> [WHAT IS BEING ASKED]: Pictures left aside, return the lines below exactly, from the one with "It has IIa, IIb, IIc" to the end, including both ends.

══ EXTRACTED DATA ══

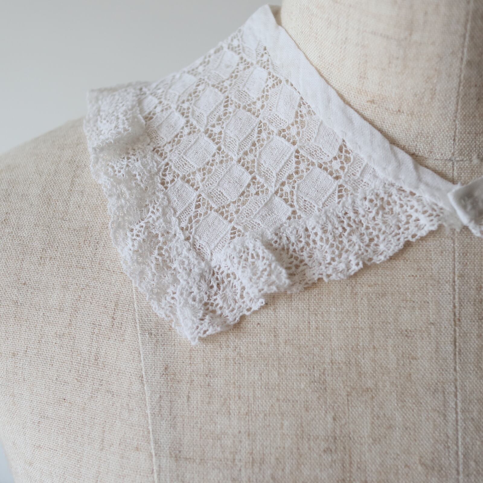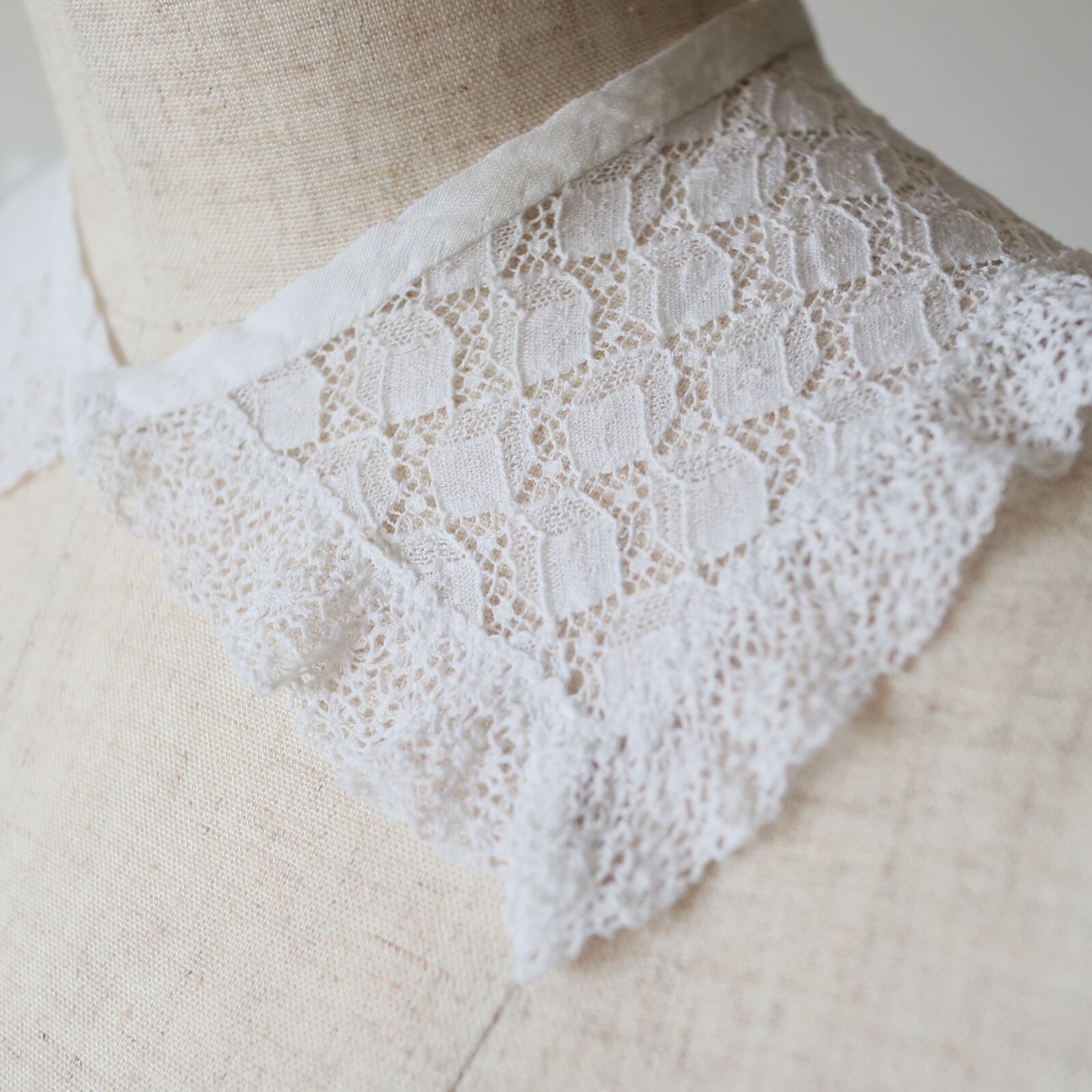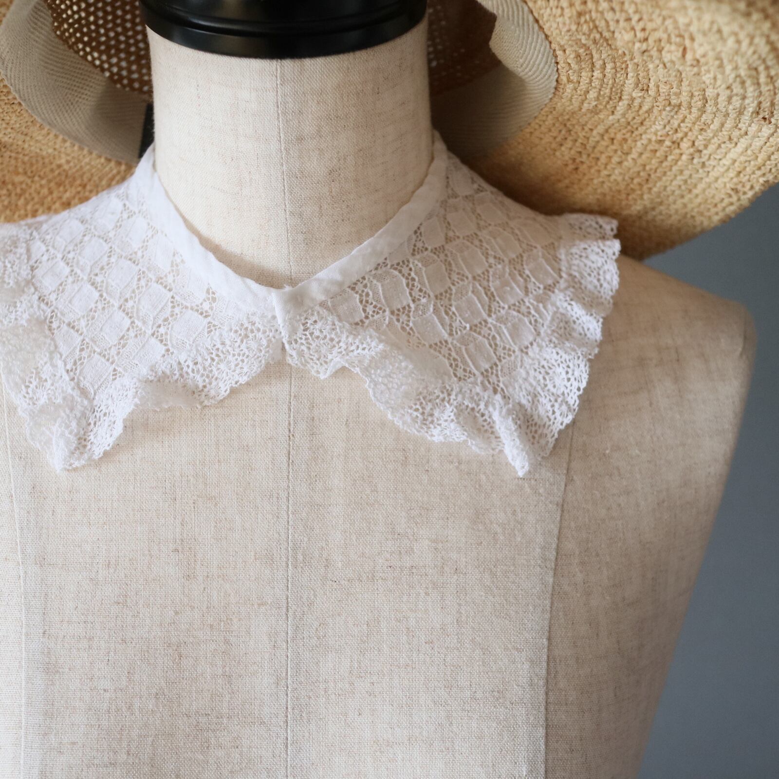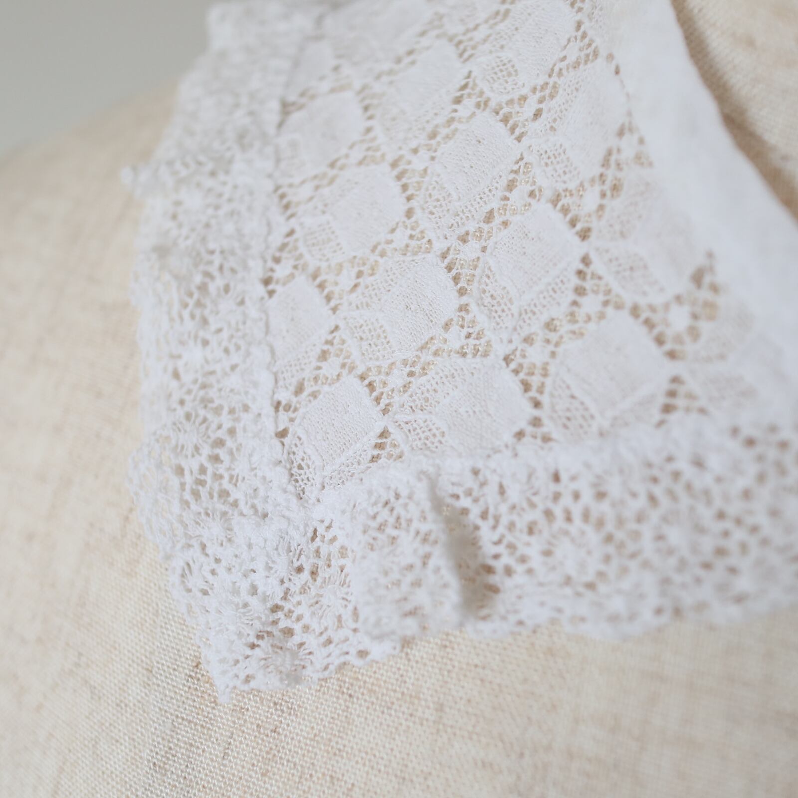 大人気の小さ目ヴィンテージレースカラーです。生地が柔らかくて軽く、サイズが小さめなので主張しすぎず幅広いシーンでお使いいただけます。特別な日だけではなく、普段からご使用になりたい方にもおススメの1枚です。
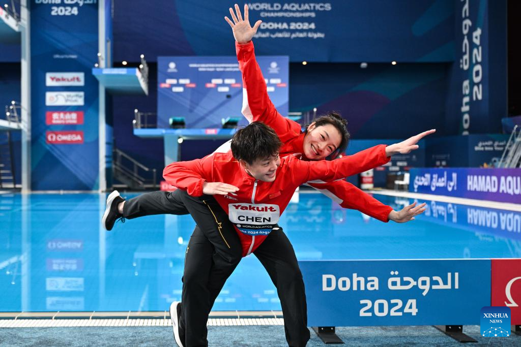 Chang Yani (rear) and Chen Yiwen of China celebrate after the women's 3m springboard final of the World Aquatics Championships 2024 in Doha, Qatar on Feb. 9, 2024. (Xinhua/Du Yu)
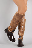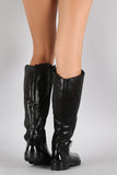 These eye-catching rain boots feature a combination of PVC/crinkle textured fabric upper, decorative buckle strap details, slanted raw collar, and low heel. Finished with cushioned insole, soft faux fur interior lining, and full-length side zipper closure for easy on/off.
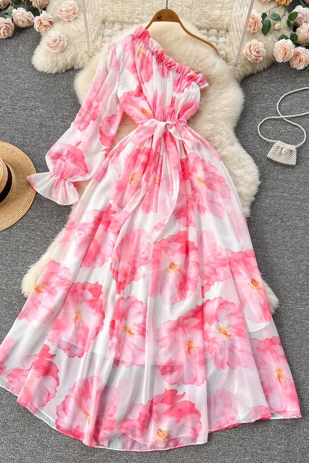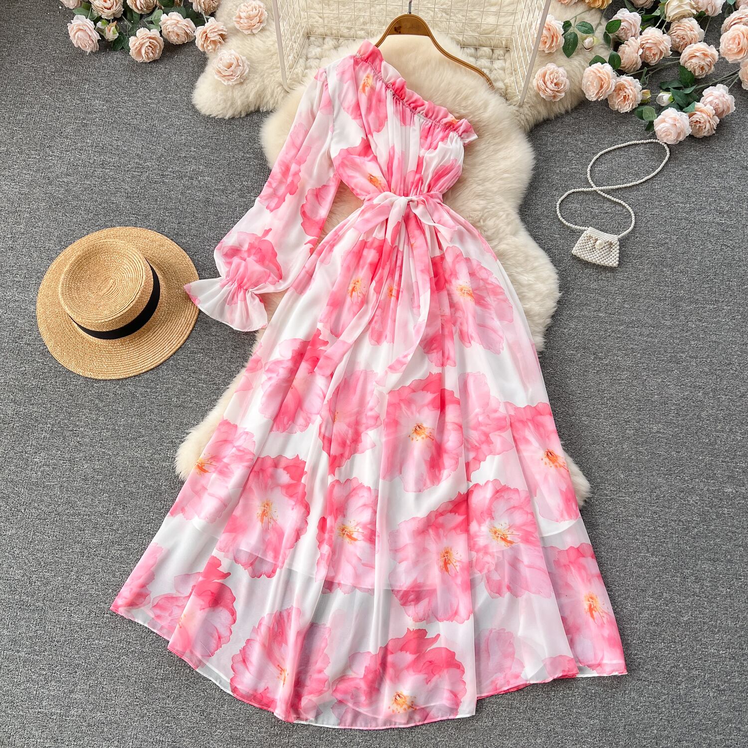 斜め肩パフスリーブシフォンドレスレディースパフスリーブウエストスイング膝上花柄妖精ロングスカート lyxaj10912129513
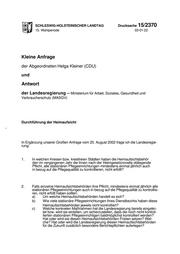 "content": "SCHLESWIG-HOLSTEINISCHER LANDTAG Drucksache 15/2370 15. Wahlperiode 03-01-22 Kleine Anfrage der Abgeordneten Helga Kleiner (CDU) und Antwort der Landesregierung – Ministerium für Arbeit, Soziales, Gesundheit und Verbraucherschutz (MASGV) Durchführung der Heimaufsicht In Ergänzung unserer Großen Anfrage vom 20. August 2002 frage ich die Landesregie- rung: 1. In welchen Kreisen bzw. kreisfreien Städten haben die Heimaufsichtsbehör den im vergangenen Jahr die ihnen nach der Heimgesetznovelle obliegende Pflicht, alle stationären Pflegeeinrichtungen mindestens einmal jährlich auch in bezug auf die Pflegequalität zu kontrollieren, nicht erfüllt? 2. Falls einzelne Heimaufsichtsbehörden ihre Pflicht, mindestens einmal jährlich alle stationären Pflegeeinrichtungen auch in bezug auf die Pflegequalität zu kontrollie- ren, nicht erfüllt haben sollten: a) Um welche Heimaufsichtsbehörden handelt es sich? b) Wie viele stationäre Pflegeeinrichtungen ihres Dienstbezirks haben diese Heimaufsichtsbehörden jeweils nicht kontrolliert? c) Welche konkreten Maßnahmen hat die Landesregierung bereits eingelei- tet bzw. wird sie einleiten, um sicherzustellen, dass die noch nicht kontrol- lierten stationären Pflegeeinrichtigen baldmöglichst kontrolliert werden? Hat oder wird sie diesen Heimaufsichtsbehörden Fristen setzen? Wel- che? Hat oder wird die Landesregierung diesen Heimaufsichtsbehörden für die Zukunft zusätzlich besondere Berichtspflichten auferlegen?",
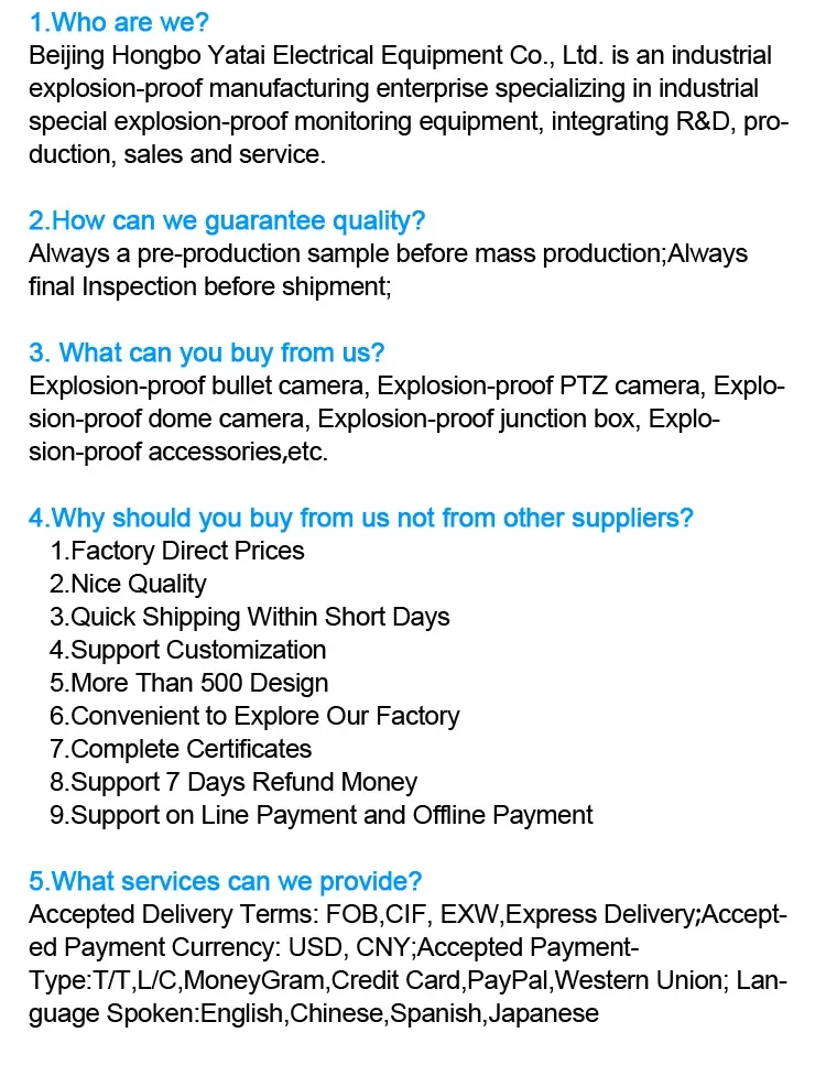 It has IIa, IIb, IIc flammable gas, and the ignition temperature group is zone 1 and zone 2 of the t1-t6 group. The flammable gas or the explosive mixture formed by steam and air is also applicable to the ignition temperature group. It is a place containing a combustible dust mixture in Zones 20, 21, and 22 of the t1-t6 group.Such as: petroleum, chemical, mine, military, medicine, oil depot, ship, drilling platform, gas station, fireworks production, grain processing and storage.
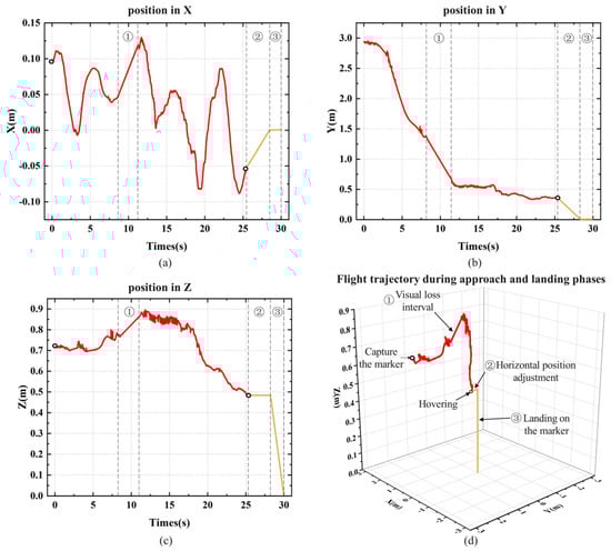 The flight trajectory of the MAV’s indoor autonomous landing experiment: (a) X-axis position; (b) Y-axis position; (c) Z-axis position; (d) three-axis flight trajectory during the approach and landing phases.
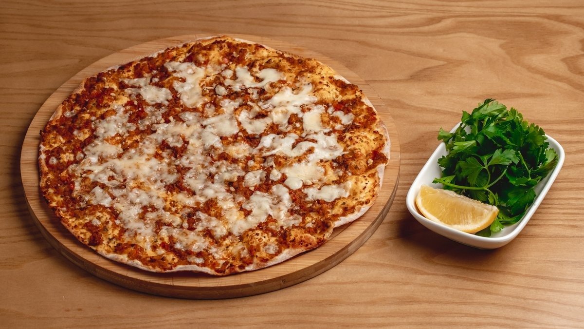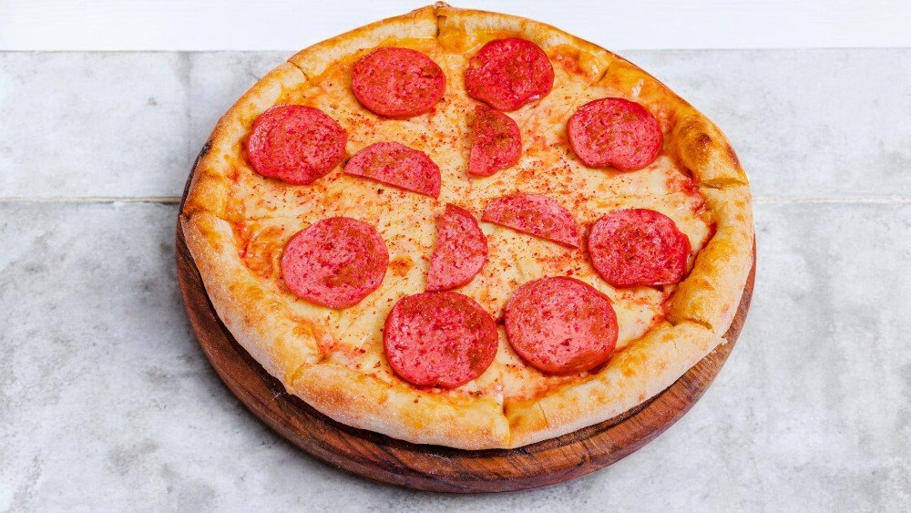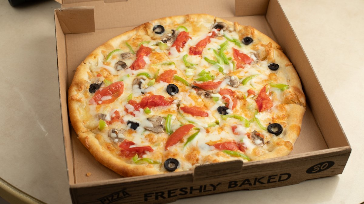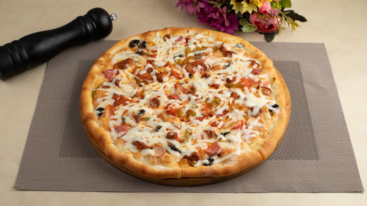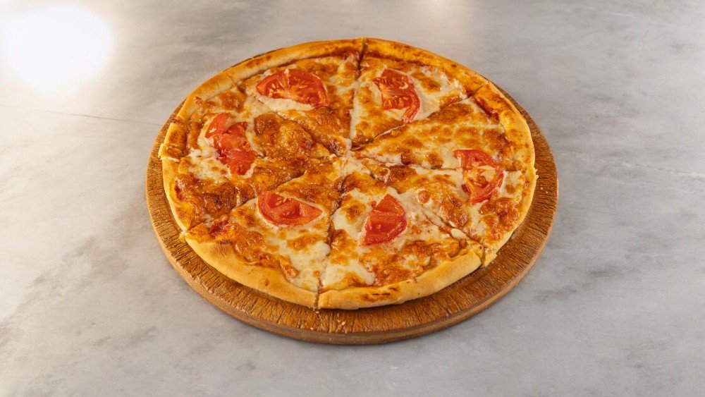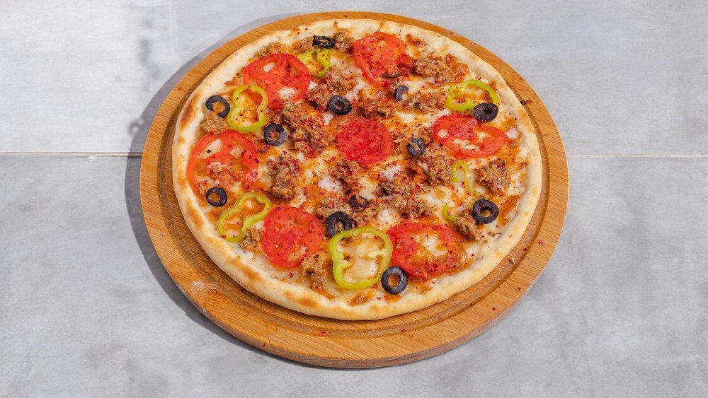 Pizza xəmiri, mozzarella pendiri, zeytun, pomidor
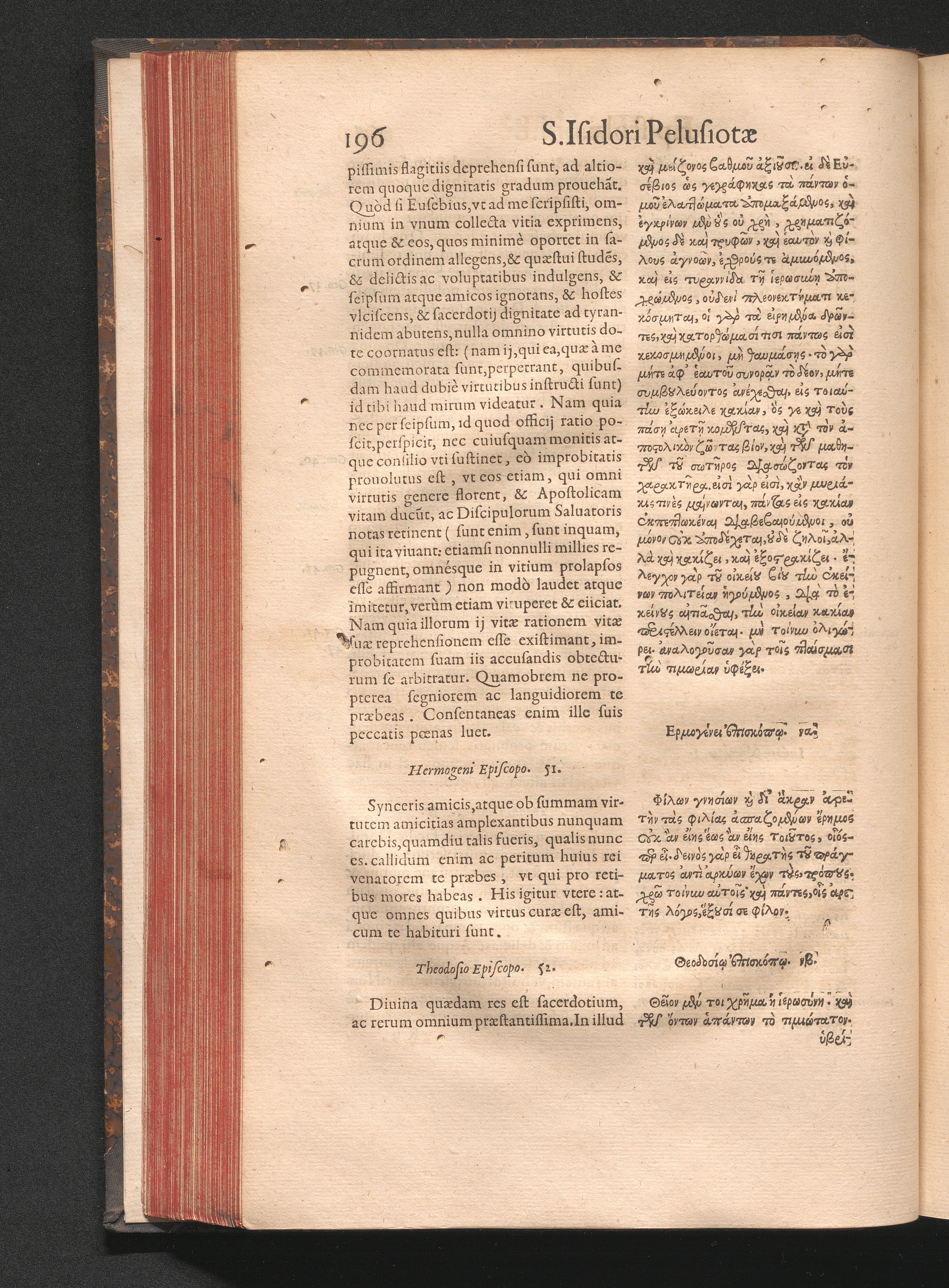 Epistolai tu hagiu Isidōru tu Pēlusiōtu / Quibus è regione accessit latina Clariss. viri Iacobi Billii Prunęi, S. Michaëlis in Eremo quondam Cœnobiarchæ, interpretatio

═══

> [OUTPUT OF THE TASK]:
 It has IIa, IIb, IIc flammable gas, and the ignition temperature group is zone 1 and zone 2 of the t1-t6 group. The flammable gas or the explosive mixture formed by steam and air is also applicable to the ignition temperature group. It is a place containing a combustible dust mixture in Zones 20, 21, and 22 of the t1-t6 group.Such as: petroleum, chemical, mine, military, medicine, oil depot, ship, drilling platform, gas station, fireworks production, grain processing and storage.
 The flight trajectory of the MAV’s indoor autonomous landing experiment: (a) X-axis position; (b) Y-axis position; (c) Z-axis position; (d) three-axis flight trajectory during the approach and landing phases.
 Pizza xəmiri, mozzarella pendiri, zeytun, pomidor
 Epistolai tu hagiu Isidōru tu Pēlusiōtu / Quibus è regione accessit latina Clariss. viri Iacobi Billii Prunęi, S. Michaëlis in Eremo quondam Cœnobiarchæ, interpretatio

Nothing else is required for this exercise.